Thank you. At this time we'll be conducting a Question-and-Answer session. (Operator Instructions) Our first question comes from the line of Louise Chen with Cantor Fitzgerald. Please proceed with your question.

Louise Chen -- Cantor Fitzgerald & Co -- Analyst

Hi. Thanks for taking my questions, and congratulations on a strong quarter. I had a few questions here. So with respect to your prior guidance of $350 million for the year, I didn't hear that you had updated that. Just curious if that is the guidance that we should still adhere to, as we model for the rest of the year going forward? So any color on that would be helpful.

Secondly, with respect to Vascepa, do you -- are you looking to file any additional patents given the good results of the REDUCE-IT study?

And then third question I had, I get this question a lot, was on how proprietary your supply chain is? And if that's a competitive advantage for you? Thank you.

John Thero -- President and Chief Executive Officer

Louise, it's John. Good morning. Thanks for the nice comments. With respect to guidance, we're still very early here in the launch. We talked about our sales reps being out to most to the targets for in that two to three time range. We're pleased that our growth in the first quarter exceeded 50%. Last year's first quarter was the lowest of the quarters for the year. The hurdles get higher as we go forward. We've not changed our revenue guidance for the year. That guidance does assume that as we expect a standard 10-month review clock for our sNDA filing. Were that to change, I'm not suggesting it would, but were that to change, we could revisit guidance at that point. But at this point we are not changed. We have not changed the guidance for revenues for the year.
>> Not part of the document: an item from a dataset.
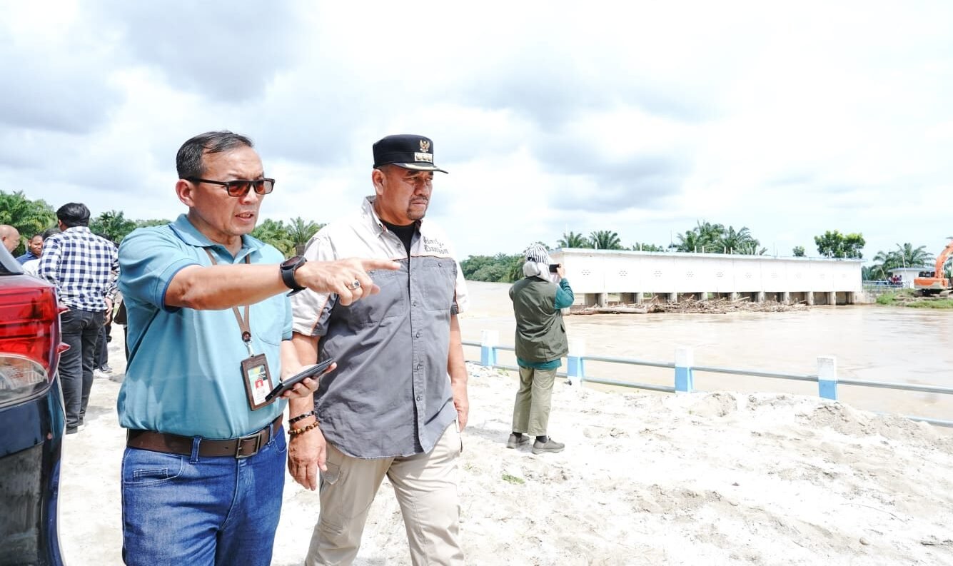 Inimedan.com -Batu Bara    |  Bupati Batu Bara H. Baharuddin Siagian, S.H., M.Si., bersama anggota DPRD Provinsi Sumatera Utara, Yahdi Khoir, serta Tim Staf Ahli Kementerian Pertanian RI Ibu Ani dan Bapak Aris, meninjau langsung kondisi bendung Sungai Dalu-Dalu yang berada di Desa Sukaraja, Kecamatan Air Putih, Kabupaten Batu Bara, Sabtu (13/12/2025).

With respect to supply, the manufacture of Vascepa is very difficult. The -- we've scoured the world trying to find the best suppliers. We work with companies. It's numbers of them have failed on early attempts to manufacture Vascepa. We know that when there was a generic Lovaza that came into market, there were manufacturing issues at the beginning. So we are -- we do think that being able to produce this difficult-to- manufacture product and to be able to produce it, cost effectively is important. And we are using the capacity of our suppliers pretty completely at this point in time. We've not updated yet our guidance relative to our overall capacity. But we are working towards what could be a doubling or tripling of that potential overall capacity. The earliest plans therefore, being more definitively in place before the end of this year. So I do think it is a competitive advantage and those suppliers are beholden to us.

With respect to patents, we have submitted a number of patents off of the REDUCE-IT results. This is the first ever study in a important population. We do believe that there were surprising and unexpected findings in which we've had -- file spend. We have had some patents granted to us based upon outcomes for treatment of this patient population. But there are additional patents on file and our experienced IP team continues to scour the data and look for further patents. There’s actually quite a few of them. So I'm not going to go through them all and particularly not the ones that haven't granted, but – but yes, lots of patents.
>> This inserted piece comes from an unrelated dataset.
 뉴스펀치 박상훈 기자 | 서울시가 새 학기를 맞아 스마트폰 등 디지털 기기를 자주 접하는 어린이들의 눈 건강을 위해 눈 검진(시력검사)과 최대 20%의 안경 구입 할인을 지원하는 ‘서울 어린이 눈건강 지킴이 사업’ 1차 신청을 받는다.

Louise Chen -- Cantor Fitzgerald & Co -- Analyst

Okay. Can I just have a quick follow-up. Thank you for that. On the guidance question, so I guess to me it sounds like you're being a little bit conservative, given where the script trends are headed and the fact that there were some offsets even in the good script trend in the first quarter. So any color from that front? If you don't want to comment, it's fine, but I'm just asking , because it just seems like the $350 million probably is going to come in low relative to where the scripts are headed? Thank you.
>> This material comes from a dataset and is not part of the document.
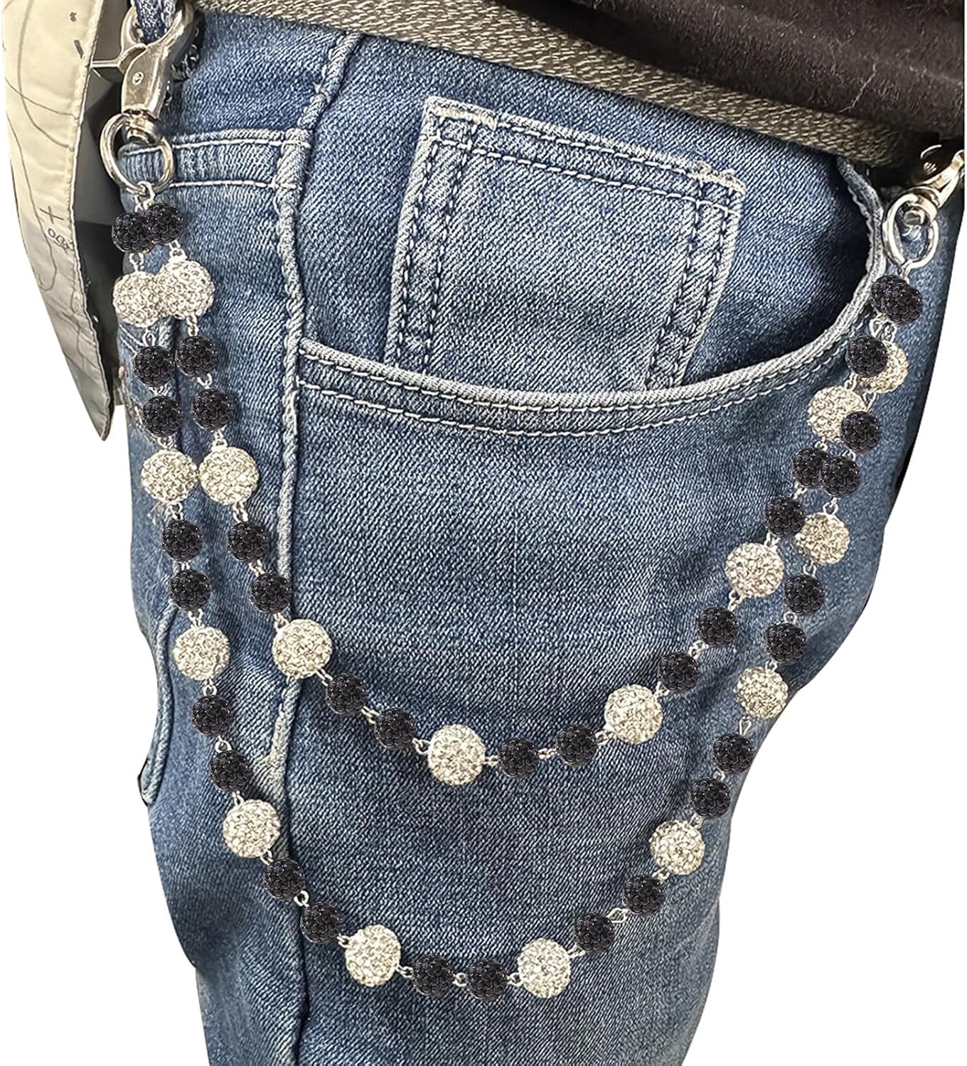 Sparkly Ceramic Beads Wallet Chain - 10mm Shiny Bohemian Purse Jean Pants Chains for Men Women Fashion Accessories

John Thero -- President and Chief Executive Officer

Yeah. Growing any business when you don't yet have label expansion and we're restricted with regard to what we're talking about. Growing something by greater than 50%, we think is a sizable number. I like your optimism, but we're really early and still in what we're doing and like a little more of a runway here before we would reach a similar degree of optimism. So I know our sales force is out there, they're getting terrific feedback from customers, but these docs haven't had a practice changing new therapy in a long time. And while they appreciate the data for REDUCE-IT, how quickly they implement this for their patients and how broadly they implement this for their patients, still a lot of unknowns out there. And if we compare our growth after outcomes data to the growth that we've seen, for example, some of the diabetes medicines and PCSK-9s etc., we're sort of out and ahead of the pack on that. So I don't want to get it too far out over our skis, particularly in that we don't yet have a label. So I hope you're right, but it's still early.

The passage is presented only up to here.